#### What needs to be done
From the material below, copy every line in which the word "outfits" occurs.

#### Data
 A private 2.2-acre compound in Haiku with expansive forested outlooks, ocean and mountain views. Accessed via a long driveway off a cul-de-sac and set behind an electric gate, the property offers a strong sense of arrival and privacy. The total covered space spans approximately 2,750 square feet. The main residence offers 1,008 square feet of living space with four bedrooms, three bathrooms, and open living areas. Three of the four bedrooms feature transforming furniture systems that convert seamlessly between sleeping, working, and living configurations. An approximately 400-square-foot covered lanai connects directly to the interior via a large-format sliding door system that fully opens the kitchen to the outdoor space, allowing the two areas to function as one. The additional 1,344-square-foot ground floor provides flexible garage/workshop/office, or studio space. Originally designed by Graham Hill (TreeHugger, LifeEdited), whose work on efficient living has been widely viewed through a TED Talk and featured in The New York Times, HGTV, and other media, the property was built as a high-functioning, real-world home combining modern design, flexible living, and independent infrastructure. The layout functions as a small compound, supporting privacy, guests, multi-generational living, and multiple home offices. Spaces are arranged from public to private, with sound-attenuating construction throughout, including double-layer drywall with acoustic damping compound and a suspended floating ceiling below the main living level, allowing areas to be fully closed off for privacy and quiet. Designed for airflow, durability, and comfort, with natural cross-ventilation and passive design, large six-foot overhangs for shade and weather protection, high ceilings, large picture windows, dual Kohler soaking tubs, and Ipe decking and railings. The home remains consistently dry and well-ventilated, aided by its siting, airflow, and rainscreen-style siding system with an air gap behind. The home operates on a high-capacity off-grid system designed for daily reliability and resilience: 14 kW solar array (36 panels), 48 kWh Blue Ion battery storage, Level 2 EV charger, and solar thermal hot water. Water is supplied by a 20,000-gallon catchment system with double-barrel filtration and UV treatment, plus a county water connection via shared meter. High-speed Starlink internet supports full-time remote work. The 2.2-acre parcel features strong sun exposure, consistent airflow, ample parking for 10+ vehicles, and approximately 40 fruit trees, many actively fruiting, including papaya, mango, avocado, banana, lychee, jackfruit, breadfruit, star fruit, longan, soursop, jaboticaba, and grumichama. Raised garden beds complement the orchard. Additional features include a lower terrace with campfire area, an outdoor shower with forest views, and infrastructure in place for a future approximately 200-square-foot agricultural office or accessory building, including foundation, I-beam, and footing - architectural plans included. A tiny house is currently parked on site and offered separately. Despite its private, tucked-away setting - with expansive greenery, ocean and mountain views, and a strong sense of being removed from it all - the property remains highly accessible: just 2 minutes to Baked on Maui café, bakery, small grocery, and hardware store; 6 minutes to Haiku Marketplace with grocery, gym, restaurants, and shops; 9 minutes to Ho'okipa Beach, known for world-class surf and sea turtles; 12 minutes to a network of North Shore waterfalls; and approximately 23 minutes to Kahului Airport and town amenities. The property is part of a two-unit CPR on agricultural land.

==

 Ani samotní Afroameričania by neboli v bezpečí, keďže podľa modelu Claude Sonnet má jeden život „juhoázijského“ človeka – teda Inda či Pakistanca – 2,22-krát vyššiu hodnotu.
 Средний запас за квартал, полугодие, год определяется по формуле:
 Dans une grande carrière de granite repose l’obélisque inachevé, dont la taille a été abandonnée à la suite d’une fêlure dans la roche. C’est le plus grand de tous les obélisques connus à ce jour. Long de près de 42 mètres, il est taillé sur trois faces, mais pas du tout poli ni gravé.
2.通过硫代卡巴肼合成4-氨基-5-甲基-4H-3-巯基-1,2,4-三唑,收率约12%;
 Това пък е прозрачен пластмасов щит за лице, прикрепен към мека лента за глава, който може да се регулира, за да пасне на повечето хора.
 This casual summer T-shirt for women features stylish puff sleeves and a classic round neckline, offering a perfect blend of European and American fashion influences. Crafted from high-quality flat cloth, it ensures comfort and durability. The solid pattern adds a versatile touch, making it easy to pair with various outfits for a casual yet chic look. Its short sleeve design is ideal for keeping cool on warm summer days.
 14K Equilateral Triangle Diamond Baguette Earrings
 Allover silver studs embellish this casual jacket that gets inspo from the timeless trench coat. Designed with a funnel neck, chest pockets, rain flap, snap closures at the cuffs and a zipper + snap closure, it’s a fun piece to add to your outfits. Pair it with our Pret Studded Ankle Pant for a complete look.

#### Written reply
 This casual summer T-shirt for women features stylish puff sleeves and a classic round neckline, offering a perfect blend of European and American fashion influences. Crafted from high-quality flat cloth, it ensures comfort and durability. The solid pattern adds a versatile touch, making it easy to pair with various outfits for a casual yet chic look. Its short sleeve design is ideal for keeping cool on warm summer days.
 Allover silver studs embellish this casual jacket that gets inspo from the timeless trench coat. Designed with a funnel neck, chest pockets, rain flap, snap closures at the cuffs and a zipper + snap closure, it’s a fun piece to add to your outfits. Pair it with our Pret Studded Ankle Pant for a complete look.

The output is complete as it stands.